Grassano, cinti, casedde e lammioni. L’inchiesta Ambrico sulla povertà e lo sviluppo abitativo
di Antonio Bavusi * – Settembre 2023) – Creative Commons Attribuzione – Non commerciale citando la fonte
(* camminatore – ricercatore indipendente)
Prologo dell’autore:
in un recente mio sogno grottesco ma allo stesso tempo reale, un sindaco di un comune della regione, durante la sua intervista ad un conduttore in una importante trasmissione televisiva, si vantava che nel suo comune vi erano stati meno ammalati di Covid-19 di quanti ve ne fossero stati in un paese meno popoloso del suo. Non comprendendo il significato di questo sogno, così come sono portato a fare, a mente sveglia mi sono chiesto se potesse avere relazione con la pubblicazione alla quale stavo lavorando su Grassano.
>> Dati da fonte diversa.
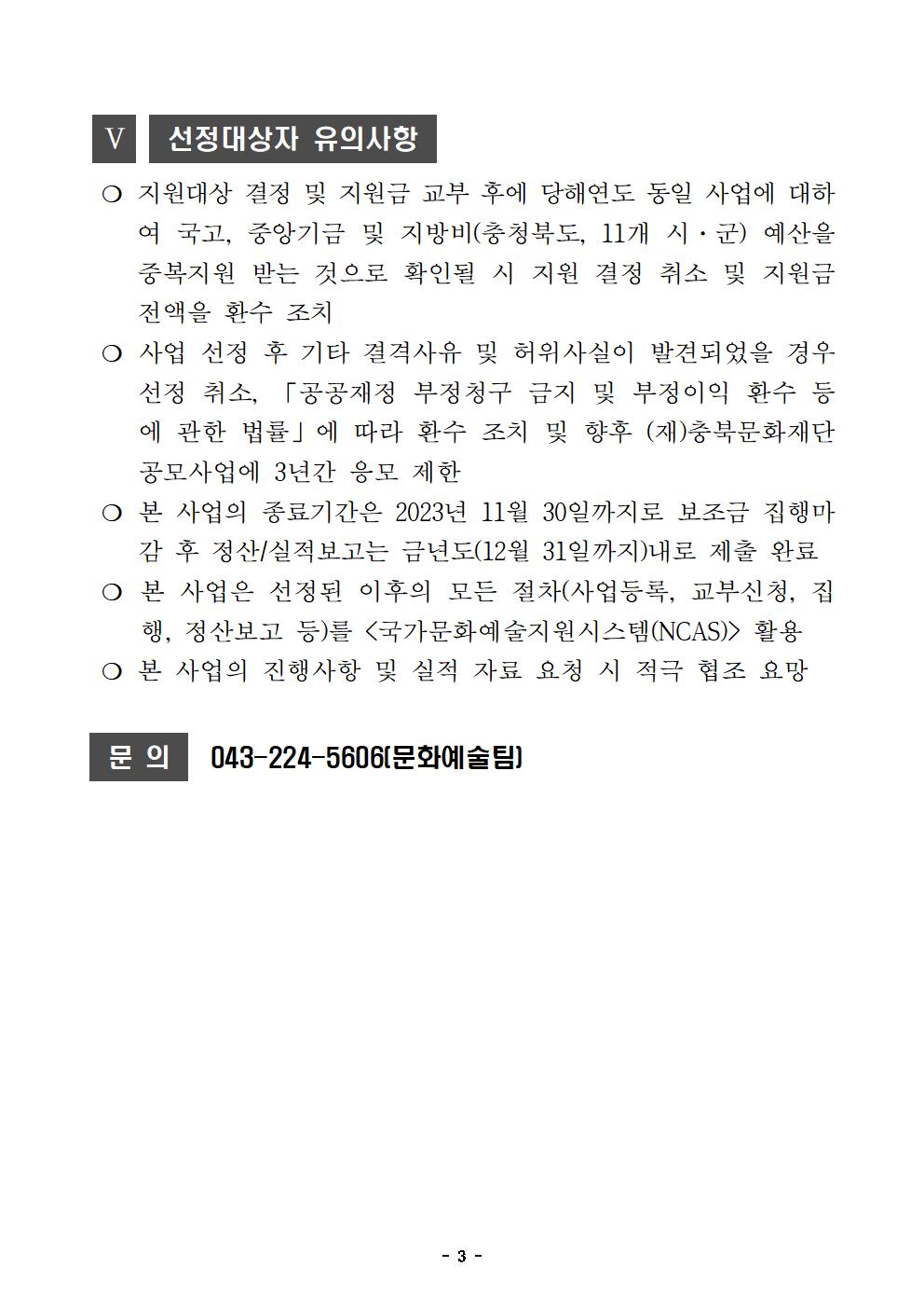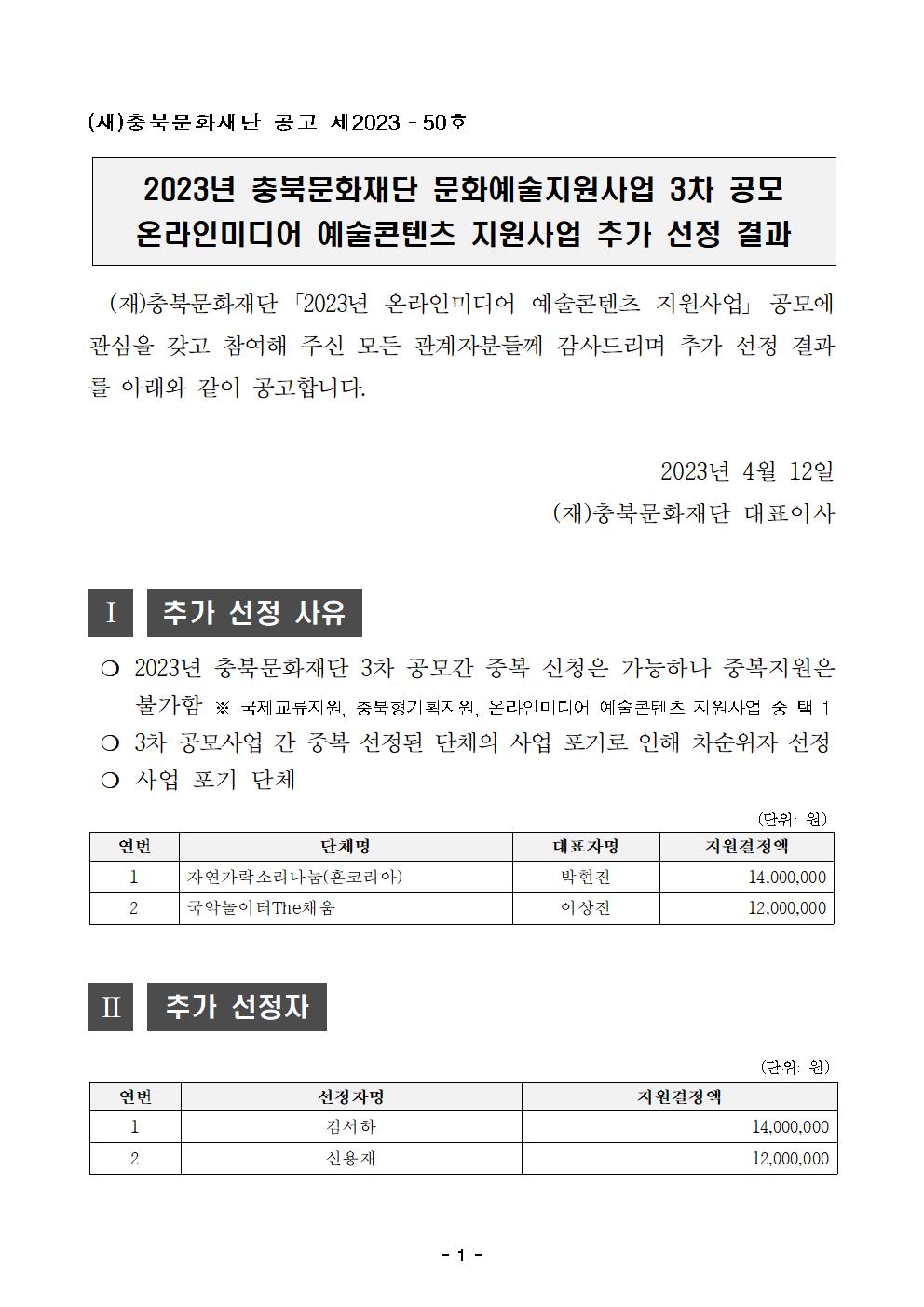 | 2023년 충북문화재단 3차 공모 온라인미디어 예술콘텐츠 지원사업 추가 선정 결과 | |||||

Mi sono dato la risposta alla domanda “se abbia senso pubblicare l’eBook su Grassano” e farlo con le mie riflessioni, dopo 70 anni dall’inchiesta condotta da Gaetano Ambrico. Farlo oggi che quasi tutti i protagonisti, responsabili del fallimento dell’industrializzazione del petrolchimico in Val Basento non sono più in vita. Il sogno mi ha dato la risposta, apparentemente in modo irrazionale.
Nell’attualità ognuno è responsabile delle azioni che compie nel proprio presente, anche se queste azioni determinaranno il futuro di molte persone. Ambrico venne “estromesso” dal suo partito per le sue idee controcorrente, e la storia che avrebbe potuto essere diversa 70 anni fa, adesso è quella che conosciamo, con l’imposizione di un hub dell’energia e dei rifiuti che riguarda una regione che si spopopola di anno in anno mentre i responsabili del presente pianificano il futuro prossimo della regione molto simile ad un ricco deserto per pochi.
Ho deciso, pertanto, di non pubblicare l’e-Book su Grassano con le mie riflessioni sull’inchiesta sulla povertà condotta da Gaetano Ambrico, riservandomi di inviarlo a quanti vogliano farne un buon uso.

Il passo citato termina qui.